Biological Control uses potential natural antagonists of plant diseases and plant pests. Interactions of pests and their antagonists as well as their efficacy are investigated.
Crop pests and pathogens and their natural antagonists can interact with each other in many ways and at different levels, e.g. on molecular, cellular, organismic, population dynamical or evolutionary level. Each level of this reciprocal relationship influences the effect of an antagonist. This may be instantly visible in laboratory, greenhouse and field experiments or in the long term, when a pest or pathogen adapts to the respective antagonists and develops resistance. Only a deeper understanding of these interactions allows utilizing the full potential of natural antagonistic organisms and natural products. Therefore, the elucidation of the mode of action of antagonists and natural products is the basis for any new development of biological control strategies.
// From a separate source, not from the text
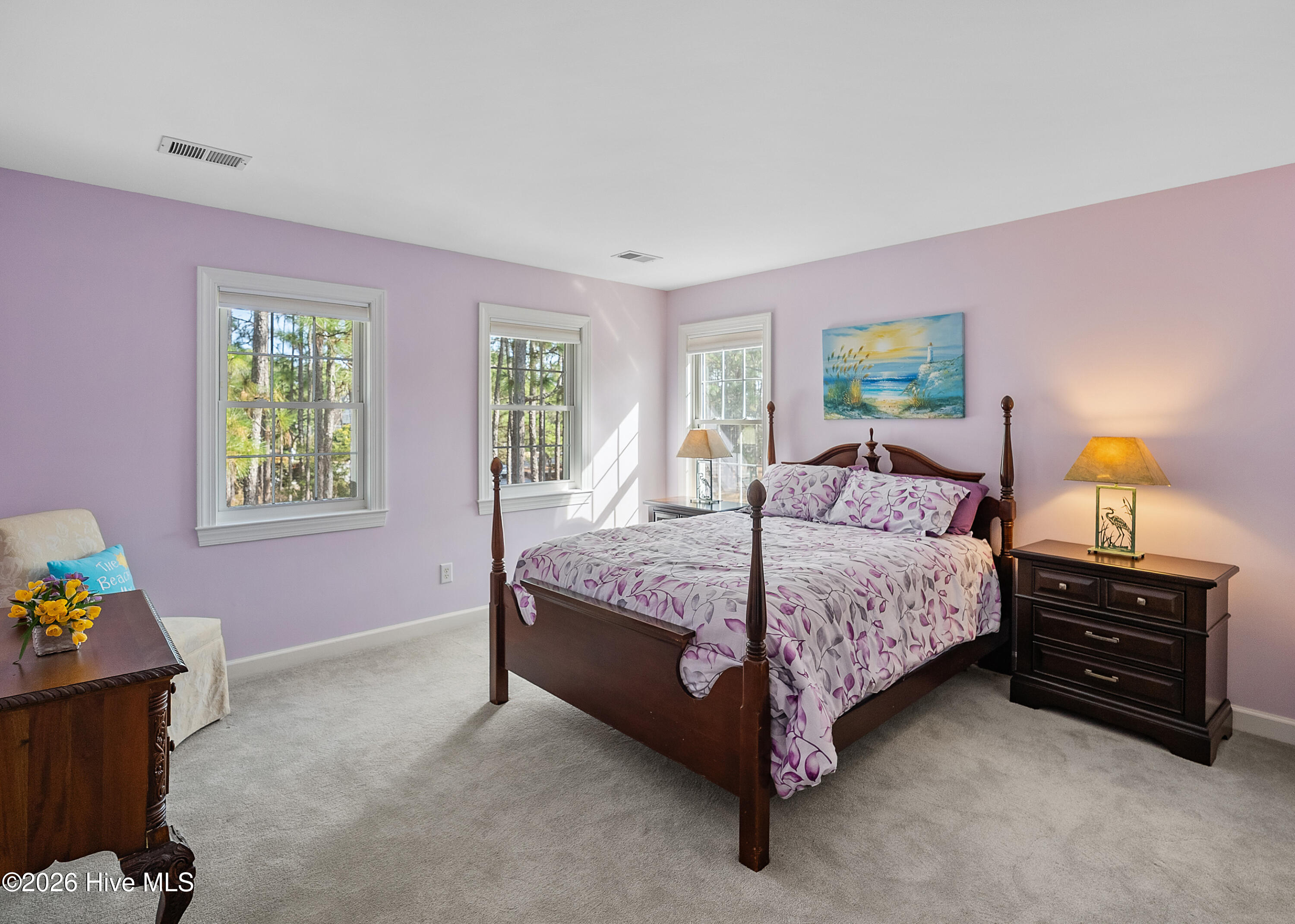 Nestled in St. James Plantation, this spacious home sits on a generous lot shaded by Loblolly Pines and Live Oaks, offering privacy and ensuring a tranquil, secluded ambiance just moments from the community's treasured amenities. It overlooks the Members Club golf course, preserving views and seclusion. The lot features low-maintenance landscaping with minimal upkeep, ideal for enjoying the surroundings. Interior highlights include a large living room with a 17-foot ceiling and a cozy fireplace. The main floor primary suite provides convenience and privacy, with easy access to the rest of the home. A flexible space on the main floor can serve as an office or bedroom. The eat-in kitchen and separate dining room are designed for relaxed meal and intimate dinner parties. The bright sunroom invites the outdoors in. Outdoor living includes a large screened porch, an outdoor shower, and three ceiling fans for comfort. A welcoming front porch adds to the home's southern charm. The home is 3,000 plus square feet of thoughtfully arranged living space with single-level options and generous primary spaces. Privacy and tranquility abound in an amenity-rich community with easy access to golf, pool, club facilities, beach club and nature. Upstairs: three bedrooms and one bath, offering flexible options for family and guests. If you're seeking an elegant, easy-care retreat in St. James Plantation that balances comfort, sophistication, and privacy—with room to grow—this home is a compelling choice.

We conduct microscopic investigations on insects and isolate microorganisms and viruses from their tissues, with the aim to use these agents for insect pest control. The discovery and diagnosis of natural pathogens of insects are therefore the basis for the development, optimization and monitoring of bio-control methods.
Dr. Regina Kleespies
Insect viruses are among the most specific and most environmentally friendly plant protection products at all. They are fully harmless to humans and the environment, but of resounding efficacy against certain caterpillars, such as the codling moth.
Prof. Dr. Johannes Jehle
Dr. Jörg Wennmann
Insect pests may also suffer from bacterial and fungal infections. For more than a century these agents have been explored for their service in plant protection. Several commercial insect pathogenic bacteria and fungi were discovered at our Institute. Their use in plant protection practice increases progressively.
Various fungi can be used as so-called endophytes living in plants without causing pathogenic symptoms. We try to establish insect pathogenic fungi as endophytes in different crops and finally in their seeds. Thus, both insect pests and plant diseases could be controlled. To prove endophytic growth, both microscopic and molecular methods are developed.
Dr. Regina Kleespies
Dr. Dietrich Stephan
Plant extracts and other natural products are used against pest insects and fungal or bacterial plant diseases. These substances may have a direct effect on the pathogens, thus causing their death or inhibiting their reproduction. Another mechanism of action is based on the strengthening of plant immune response. As a consequence, they can defend themselves against pathogens. Our Institute performs research on the various mechanisms of action.
Dr. Annegret Schmitt
Beneficial insects and mites prey or parasitize pests. A key point is that these beneficials utilize the target pests preferably as prey or host and overcome their defense reactions. These specific traits must be preserved, e.g. in commercially grown mass rearings for the use of beneficials at large scale. We develop methods to assess the quality of beneficial organisms and to optimize them. Also important are potential interactions of the selected beneficials among each other and also with other predators or parasites, as they are also part of food webs in the farming system.